事件时间 | 张洪铭的个人博客
张洪铭的个人博客

事件时间

此处输入图片的描述

精简介绍:
Processing time:
Processing time refers to the system time of the machine that is executing the respective operation.
Processing time 是指执行相应操作的机器的系统时间。

Event time: :
Event time is the time that each individual event occurred on its producing device.
Event time programs must specify how to generate Event Time Watermarks,
which is the mechanism that signals progress in event time.
事件时间是每个事件在其生产设备上发生的时间。
事件时间程序必须指定如何生成事件时间水印,这是事件时间中表示进度的机制

Ingestion time:
Ingestion time is the time that events enter Flink. At the source operator each record gets the source’s current time as a timestamp, and time-based operations (like time windows) refer to that timestamp.
摄取时间是事件进入燧石的时间。在源操作符中,每个记录都将源的当前时间作为时间戳,基于时间的操作(如时间窗口)引用该时间戳。

官方详细介绍:中文翻译:

处理时间:处理时间是指执行相应 算子操作的机器的系统时间。

当流程序在处理时间运行时,所有基于时间的 算子操作(如时间窗口)将使用运行相应算子的机器的系统时钟。每小时处理时间窗口将包括在系统时钟指示整个小时之间到达特定算子的所有记录。例如,如果应用程序在上午9:15开始运行,则第一个每小时处理时间窗口将包括在上午9:15到上午10:00之间处理的事件,下一个窗口将包括在上午10:00到11:00之间处理的事件,因此上。

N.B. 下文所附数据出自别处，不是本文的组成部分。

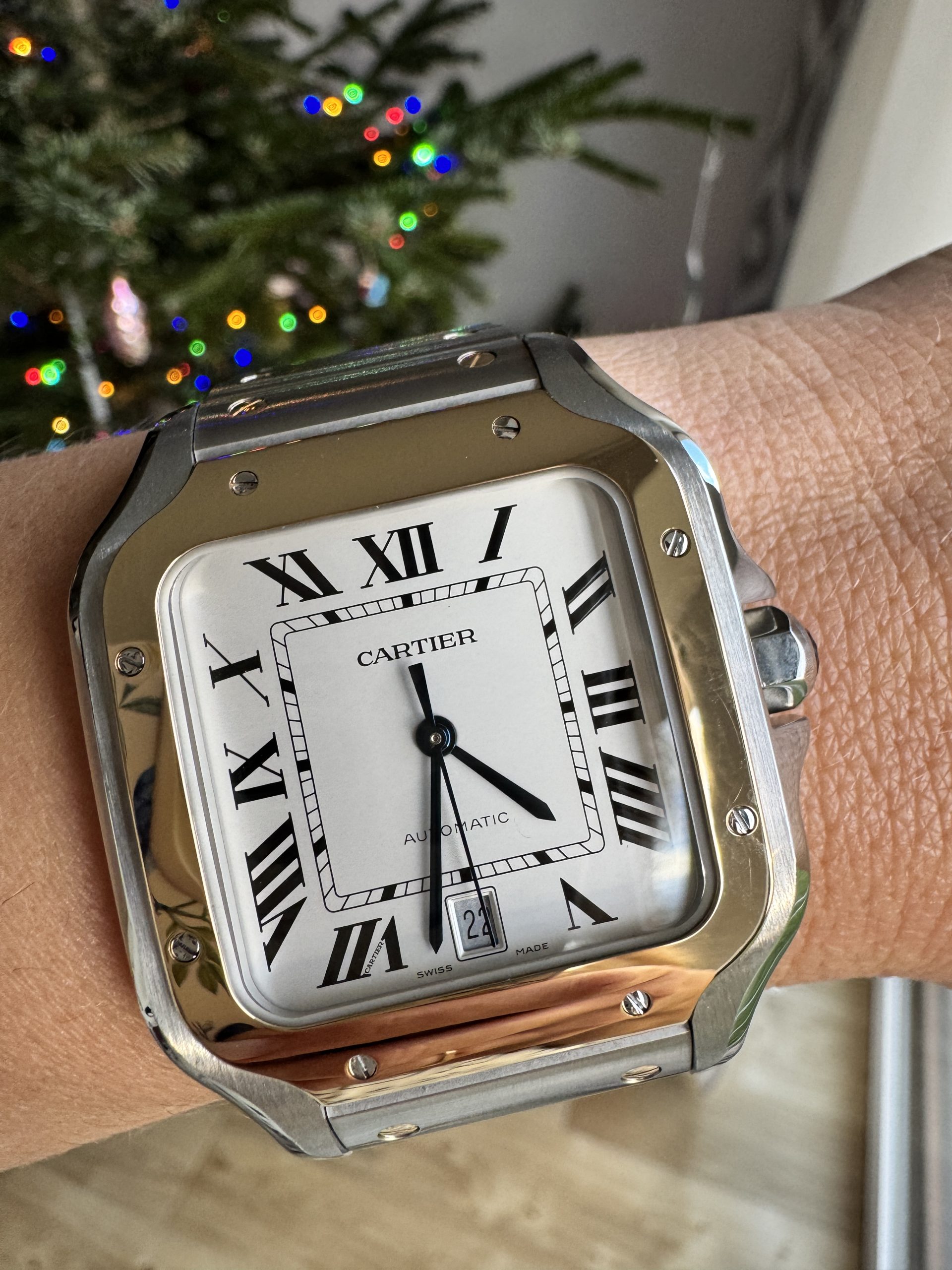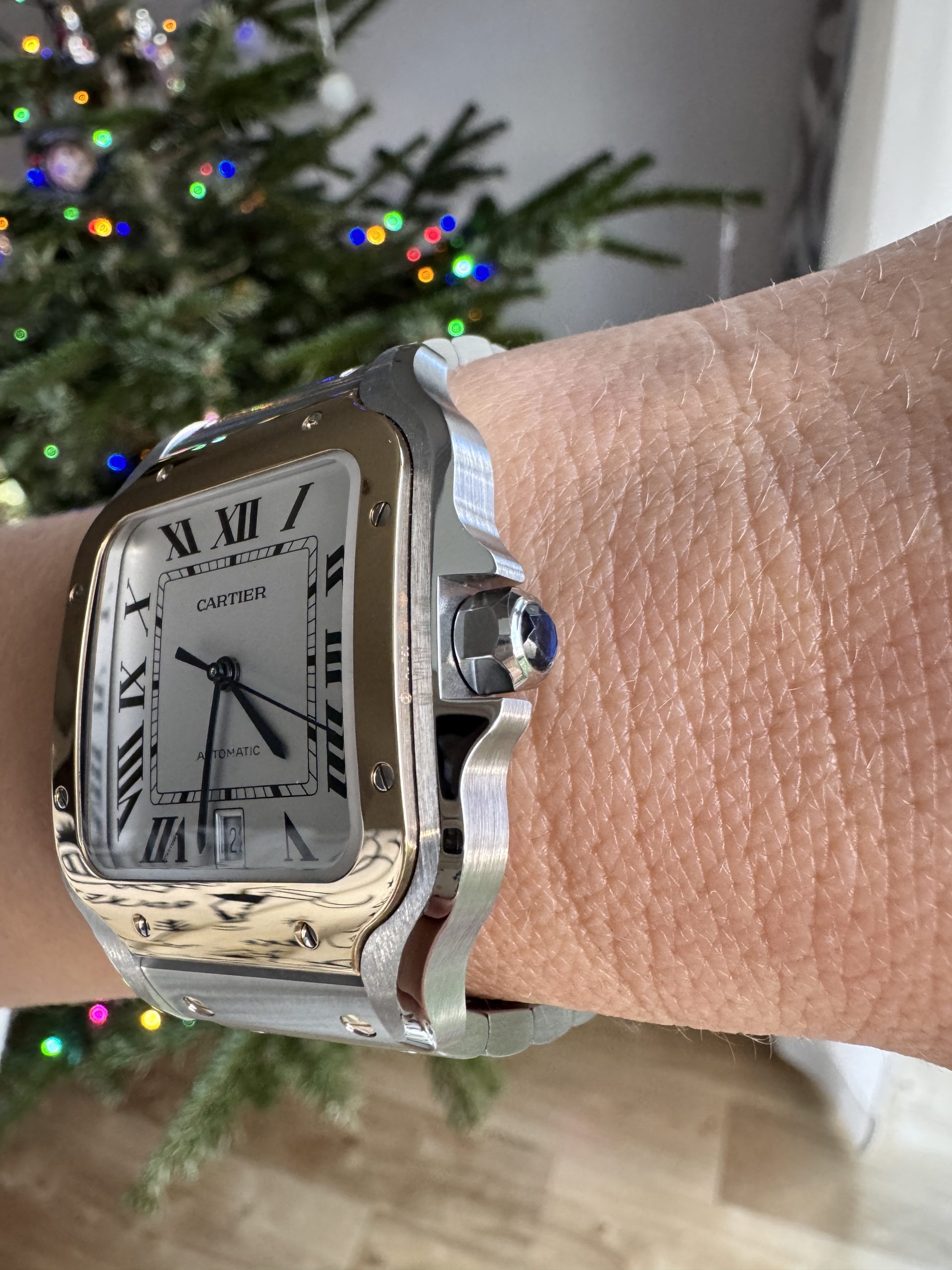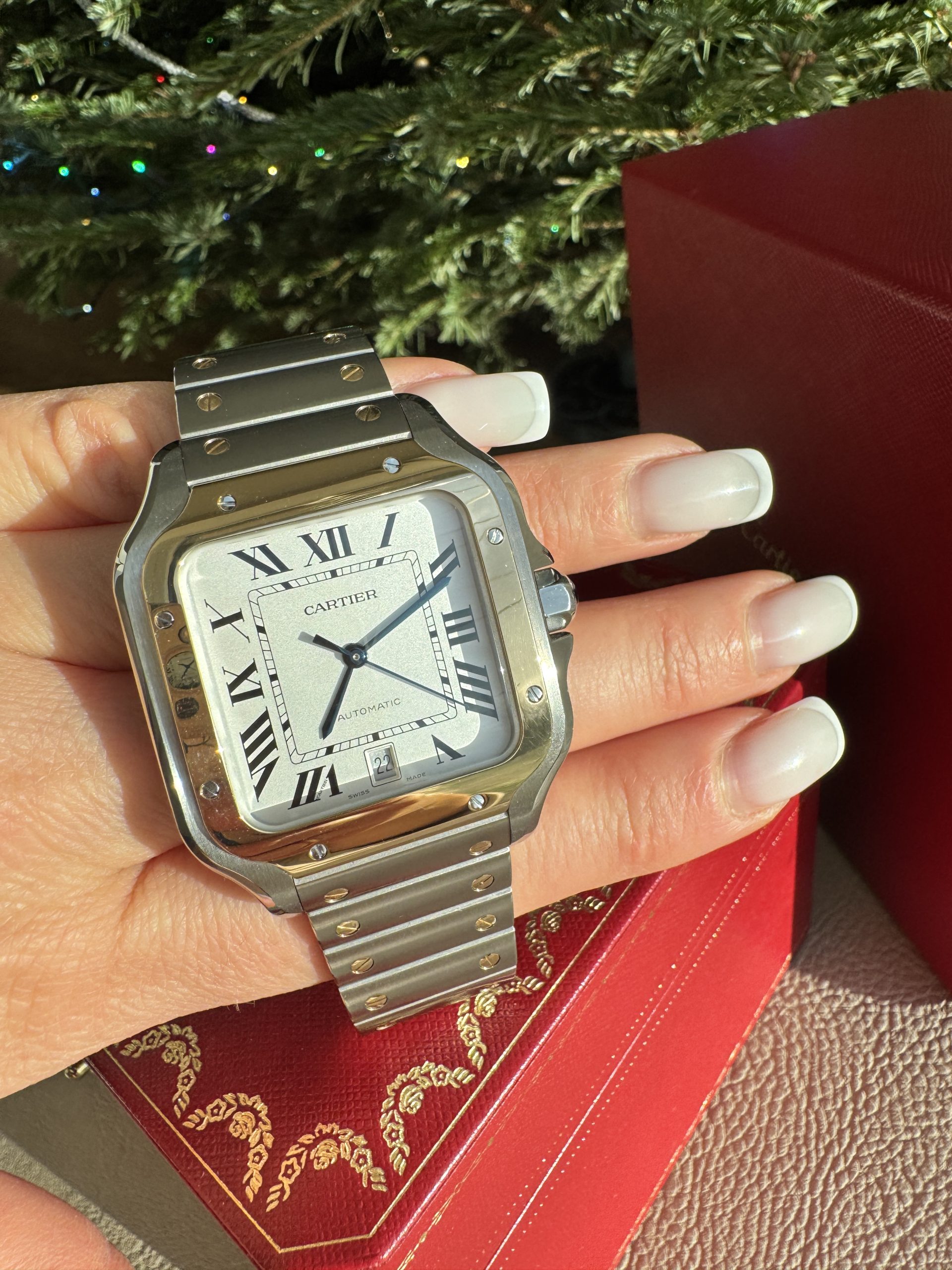 Santos watch, large model, mechanical movement with automatic winding, calibre 1847 MC. Steel case and yellow gold 750/1000 bezel, 7-sided crown set with a faceted synthetic spinel, silvered opaline dial, blued-steel sword-shaped hands, sapphire crystal. Steel bracelet with “SmartLink” adjustment system. Second bracelet in calfskin, with interchangeable steel folding buckle. Both bracelets are fitted with the “QuickSwitch” interchangeability system. Case width: 39.8 mm, thickness: 9.38 mm. Water-resistant to 10 bar (approx. 100 metres).
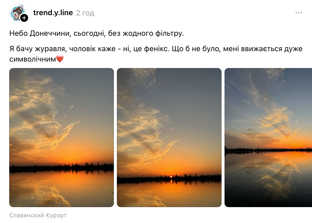 Відповідне фото опублікувала користувачка у Threads. За її словами, фото без жодного фільтра зроблені ввечері ймовірніше у Слов'янську, адже така геолокація виставлена на дописі.

处理时间是最简单的时间概念,不需要流和机器之间的协调。它提供最佳性能和最低延迟。但是,在分布式和异步环境中,处理时间不提供确定性,因为它容易受到记录到达系统的速度(例如从消息队列)到记录在系统内的算子之间流动的速度的影响。和停电(预定或其他)。

事件时间:事件时间是每个事件在其生产设备上发生的时间。此时间通常在进入Flink之前嵌入记录中,并且 可以从每个记录中提取该事件时间戳。在事件时间,时间的进展取决于数据,而不是任何挂钟。事件时间程序必须指定如何生成事件时间水印,这是表示事件时间进度的机制。该水印机制在下面的后面部分中描述。

在一个完美的世界中,事件时间处理将产生完全一致和确定的结果,无论事件何时到达,或者它们的排序。但是,除非事件已知按顺序到达(按时间戳),否则事件时间处理会在等待无序事件时产生一些延迟。由于只能等待一段有限的时间,因此限制了确定性事件时间应用程序的可能性。

假设所有数据都已到达,事件时间 算子操作将按预期运行,即使在处理无序或延迟事件或重新处理历史数据时也会产生正确且一致的结果。例如,每小时事件时间窗口将包含带有落入该小时的事件时间戳的所有记录,无论它们到达的顺序如何,或者何时处理它们。(有关更多信息,请参阅有关迟发事件的部分。)

请注意,有时当事件时间程序实时处理实时数据时,它们将使用一些处理时间 算子操作,以确保它们及时进行。

摄取时间:摄取时间是事件进入Flink的时间。在源算子处,每个记录将源的当前时间作为时间戳,并且基于时间的 算子操作(如时间窗口)引用该时间戳。

摄取时间在概念上位于事件时间和处理时间之间。与处理时间相比 ,它稍贵一些,但可以提供更可预测的结果。因为 摄取时间使用稳定的时间戳(在源处分配一次),所以对记录的不同窗口 算子操作将引用相同的时间戳,而在处理时间中,每个窗口算子可以将记录分配给不同的窗口(基于本地系统时钟和任何运输延误)。

与事件时间相比,摄取时间程序无法处理任何无序事件或后期数据,但程序不必指定如何生成水印。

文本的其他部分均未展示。